We applied GSEA in exploring the critical mechanisms of DCM. Surprisingly, terms about extracellular matrix (ECM) still took a leading role, compared to the result mentioned previously. Apart from this, the mitochondrial matrix was also critical for DCM. Gene mutations could lead to mitochondrial alterations and worsen DCM. For instance, the most common genetic cause of DCM, truncating titin (TTN) variants, lead to pronounced mitochondrial dysfunction with increased ventricular arrhythmias, which are the lethal causes of DCM (35). KEGG pathways were mainly about metabolism. The citric acid cycle is a basic metabolism, playing a vital role in multiple metabolic pathways. Furthermore, Haas et al. (37) found that several metabolites connected with the citric acid cycle were significantly up-regulated with 5.7-fold in DCM. It is known that the citric acid cycle takes place in the mitochondrial matrix. Therefore, the mitochondrial matrix is inextricably linked to the metabolic pathways obtained from KEGG analysis. Although Parkinson’s Disease is hard to associate with DCM, these two diseases are indeed related. Regardless of the epidemiological linkages between them, common underlying mechanisms were proposed by Bhandari et al. (37). Parkin deficiency can result in the disruption of mitochondria. Then, the disrupted and normal mitochondria fuse, exacerbating DCM. According to this, the sharing pathways of Parkinson’s Disease and DCM probably turn out to be rational therapeutic targets, which will benefit the patients of two intractable diseases. As we assumed, there is indeed an association between leukemia and DCM. By regulating H3K4me2, mixed lineage leukemia 3 (MLL3) might impact the pathological process of DCM, which is a member of MLL families. With the increase of MLL3 expression, the H3K4me2 also elevated in the DCM hearts (38). Even if the evidence is still lacking to demonstrate the relationship between acute or chronic myeloid leukemia, studies exploring the linkage are promising.

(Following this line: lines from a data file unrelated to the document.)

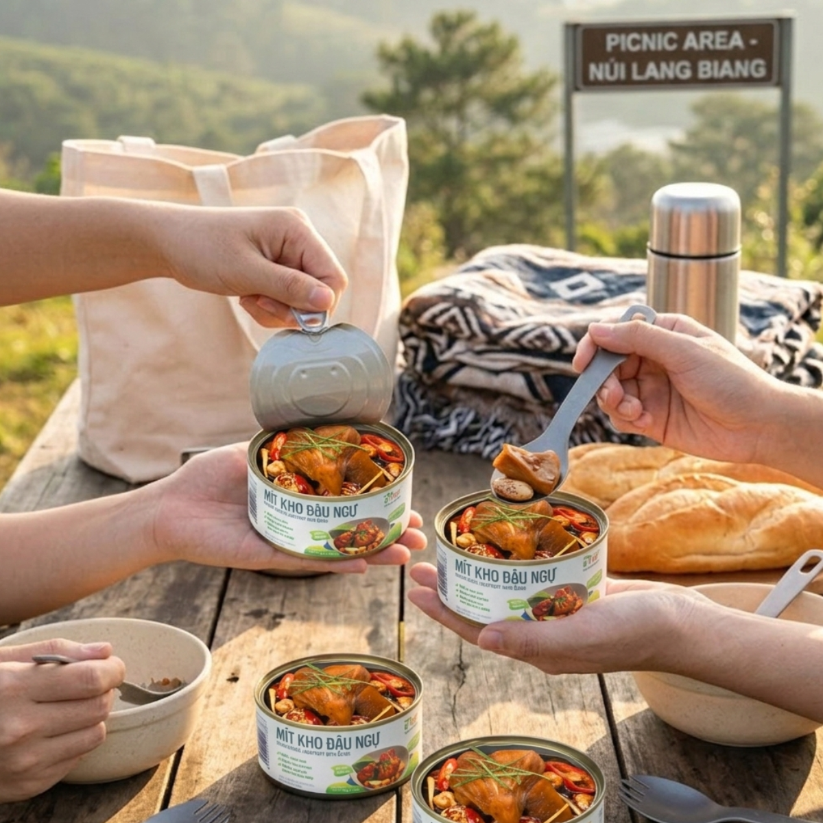 | Thành phần | Mít 50%, đậu ngự 10%, đậu gà, lá chanh, gừng, ớt, tiêu, sắn dây, dầu hướng dương, hành, bột nêm ngưu báng. |
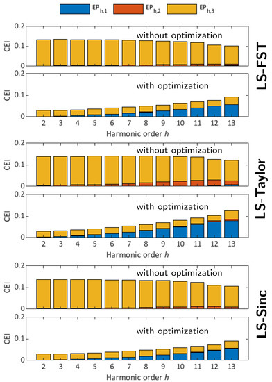 It is observed that the estimation error curves of the three least-square algorithms with the proposed optimization in Figure 6, Figure 7 and Figure 8 appear to be the same curve trend as the optimized subplots in Figure 2. This is because for high-order harmonic, the error EP caused by passband ripple takes a larger proportion, and EP related to the transition band becomes smaller. The proposed optimization realizes CEI reduction by decreasing EP, and hence the CEI reduction becomes smaller with the harmonic order increase. Namely, the proposal yields better performance improvement for low harmonics than for high harmonics.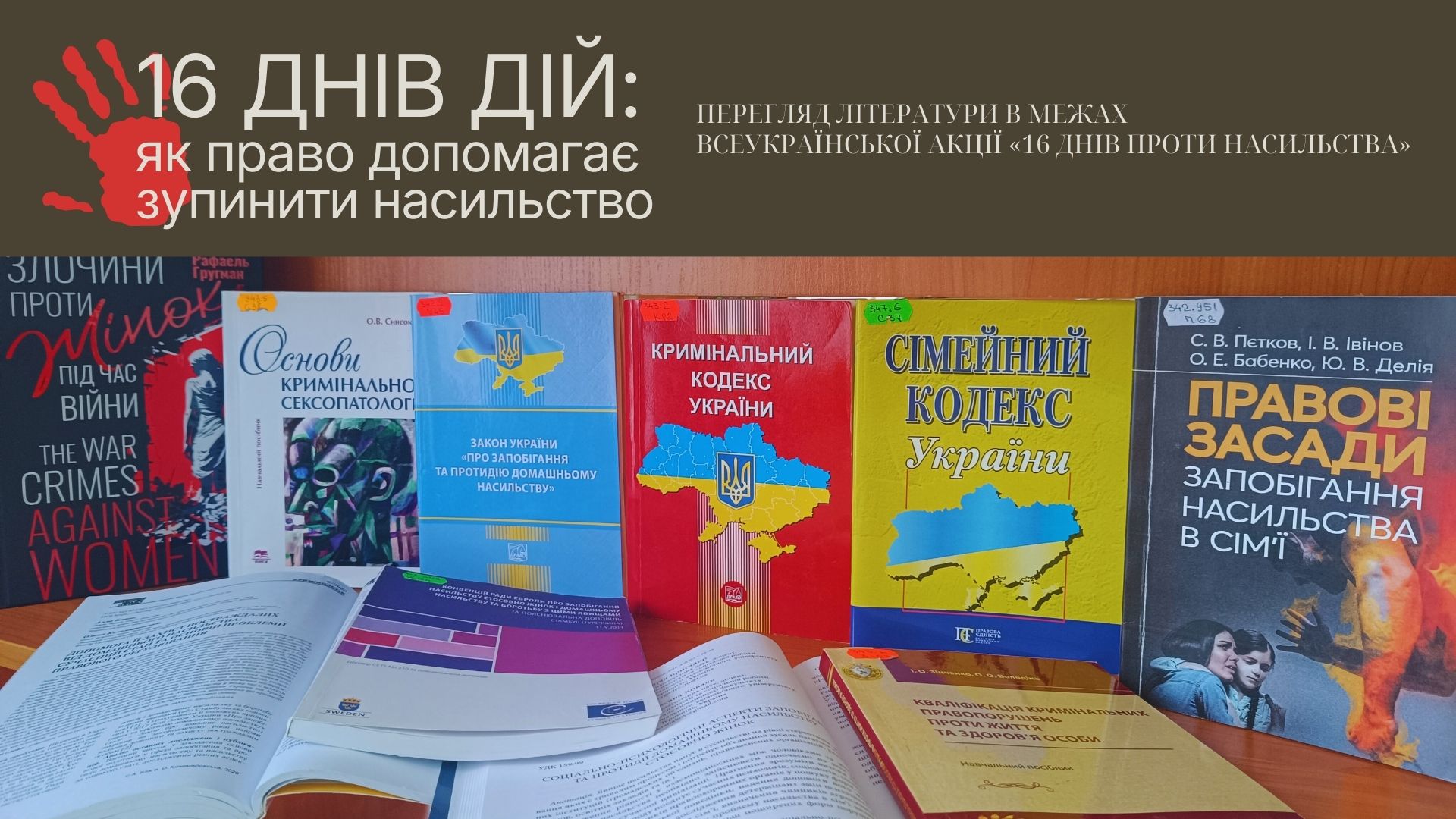 Перегляд літератури «16 днів дій: як право допомагає зупинити насильство» (в межах Всеукраїнської акції «16 днів проти насильства»)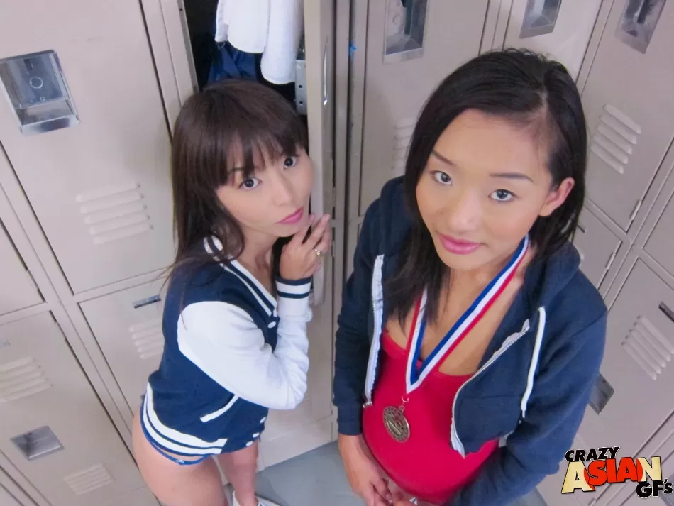 Молодая азиатка-любительница Алина Ли и ее подруга сверкают плоскими грудями в раздевалке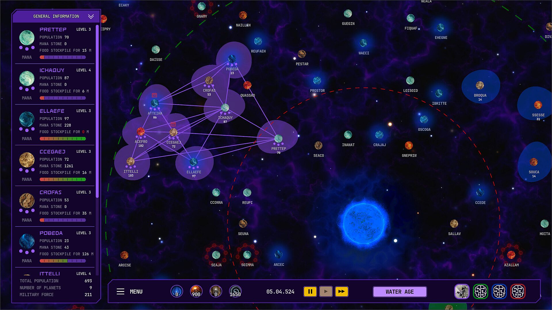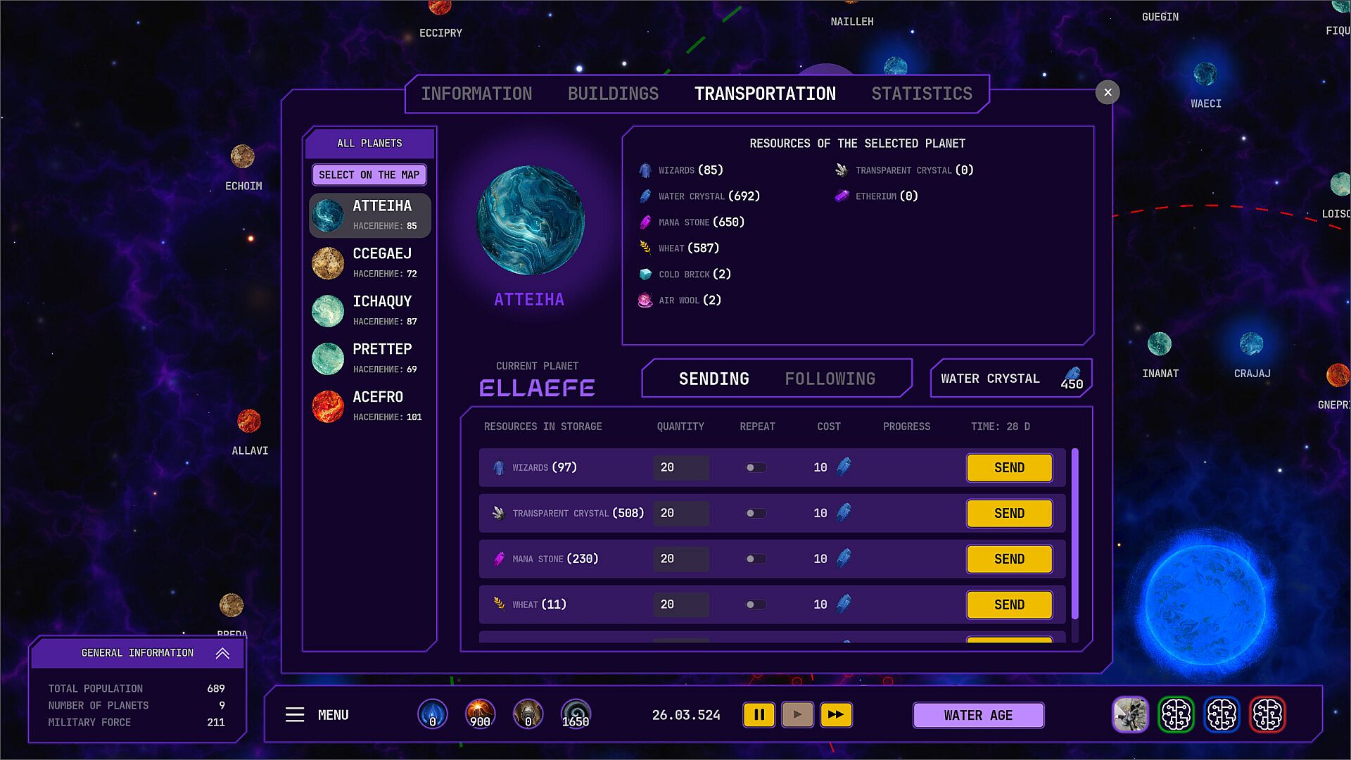 Take on the role of managing a group of wizards who have arrived in a new world. Start by managing one planet. Build buildings, assign people to industries. Build more buildings. Capture nearby planets and expand your influence.

Immune infiltration analysis revealed apparent differences between the high-risk and low-risk groups according to the lollipop plot, boxplot, and heatmap. T helper cells, B cells, and Th2 cells were significantly correlated with the risk of DCM, according to the analysis. These immune cells, as we know, are primarily involved in humoral immunity. Humoral immunity impacts DCM by numerous autoantibodies against cardiac cell proteins (39). However, immunoadsorption therapy resists the impaction by removing active autoantibodies from plasma. Besides, a significant increase of Th2 cells was observed in DCM patients compared with healthy volunteers, which is highly consistent with our results (40). Macrophages usually play a critical role in myocarditis. However, in our analysis, macrophages showed a negative correlation with DCM. In mice with dilated cardiomyopathy, reduction of CCR2- macrophages increased mortality and hindered ventricular remodeling and coronary angiogenesis, adaptive processes required to sustain cardiac output in the face of diminished cardiac contractility, according to a recent research (41). Another study found that self-renewing resident cardiac macrophages help to prevent unfavorable remodeling after myocardial infarction (42). Consequently, immunotherapy may exert a significant influence among specific patients with DCM.

Limitations

We acknowledge some limitations in this study. First, all initial data were downloaded from the GEO database, lacking our own clinical data. Second, the keywords “dilated cardiomyopathy” and “DCM” could hardly cover all the investigations of DCM, which were suitable for our study. Thirdly, a sudden reduction of DEGs occurs when we added GSE42955 and GSE19303 into the differential analysis. In order to preserve the valuable genes for an ideal LASSO model, we decided to use three datasets to conduct differential analysis. Besides, DEGs from three datasets were taken intersections with the genes in the key modules of WGCNA, which made our key genes more robust and convincible. To relieve the concern about the left two datasets (GSE42955 and GSE19303), they were employed as validation cohorts to check the performance of the diagnostic model, which showed acceptable AUCs as well.

Conclusion

In conclusion, this study identified 23 key genes and several crucial pathways of DCM using combined bioinformatic methods, which may inspire researchers to investigate further. We also constructed a 10-gene diagnostic model, offering a novel tool for diagnosing DCM in clinical practice.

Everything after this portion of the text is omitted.